Der ehemalige SP-Schweiz-Präsident und Hotelier Peter Bodenmann und Alt-Staatsrat und Schriftsteller Oskar Freysinger im Wortgefecht.

Peter Bodenmann, ehemaliger SP-Schweiz-Präsident und Hotelier

Früher sass der gläserne Oberwalliser im Beichtstuhl

Wieder so ein Freysinger Thema mit wenig Bezug zu den in zwei ­Monaten stattfindenden Wahlen. Ein Rückblick kann trotzdem nicht schaden: In den Beichtstühlen von Glis verboten die allmächtigen Pfarrherren den Frauen, mit ihren Männern zu schlafen, solange diese für Karl Dellberg und die Roten stimmen würden.

In meiner Jugend mussten wir täglich zur Messe und alle zwei Wochen zur Beichte gehen. Die Pfarrherren, die im Dunkeln sassen, kannten unsere Sünden. Ausser ­jene, die wir mit schlechtem ­Gewissen nicht beichteten.

Die klerikale Kontrolle war eine Maschine im Kampf gegen sozialen und gesellschaftlichen Fortschritt. Alles gar nicht so lange her und doch für immer vorbei. Heute ­müssen Gemeinden froh sein, wenn ab und zu ein netter Pfarrer aus Afrika oder Indien vorbeischaut. Esoterikerinnen haben die Welt des Weihrauchs übernommen. Im Kalten Krieg legten staatliche und private Cinceras Fichen über alle an, die kritisch waren. Auch im Oberwallis. Papa Bringhen und Co. lassen grüssen.

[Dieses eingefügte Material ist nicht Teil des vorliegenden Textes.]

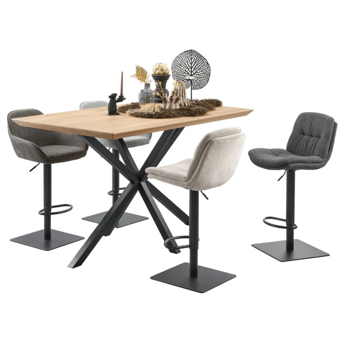 Deze uitvoering heeft een rechthoekig afgeschuind tafelblad van 160×90 cm in een lichte grijs-bruine kleur, en een zwart metalen spinpoot. De subtiele grijstint geeft de tafel een eigentijdse uitstraling, terwijl het eikenhout zorgt voor warmte en gezelligheid. De hoogte tot de onderkant van het blad is ca. 87 cm. Houd dit in de gaten als je barstoelen met armleuningen aan de tafel wilt zetten.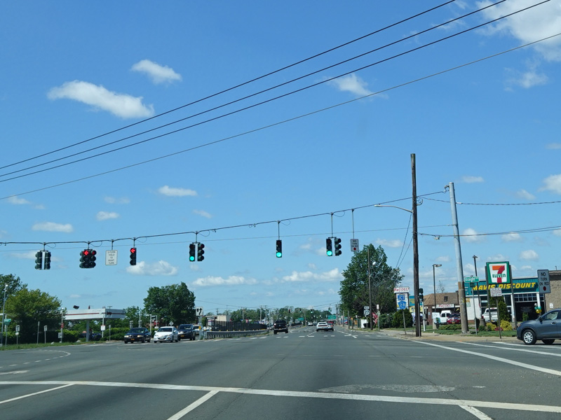 North Sea Road (CR 38) begins on the right at this traffic light.

Wer beim kritischen Oberwallis mitmachte, bekam selbst bei weit besserer Qualifikation keine Staatsstelle. So wurden Stefan Niklaus und Peter Seiler mit einem faktischen Berufsverbot belegt. Die Spinne im Netz der Repression und Vetternwirtschaft war der gelbe Hans Wyer selig.

Heute überwachen die politisch und wirtschaftlich Mächtigen all unsere Bewegungen. Google, Amazon, Facebook und Co. wissen oft mehr über uns als wir selbst. Weil unsere Gedächtnisse vergessliche Fälscherwerkstätten sind. ­Algorithmen berechnen, was wir demnächst mit einiger Wahrscheinlichkeit kaufen werden. Und offerieren uns die entsprechenden Produkte.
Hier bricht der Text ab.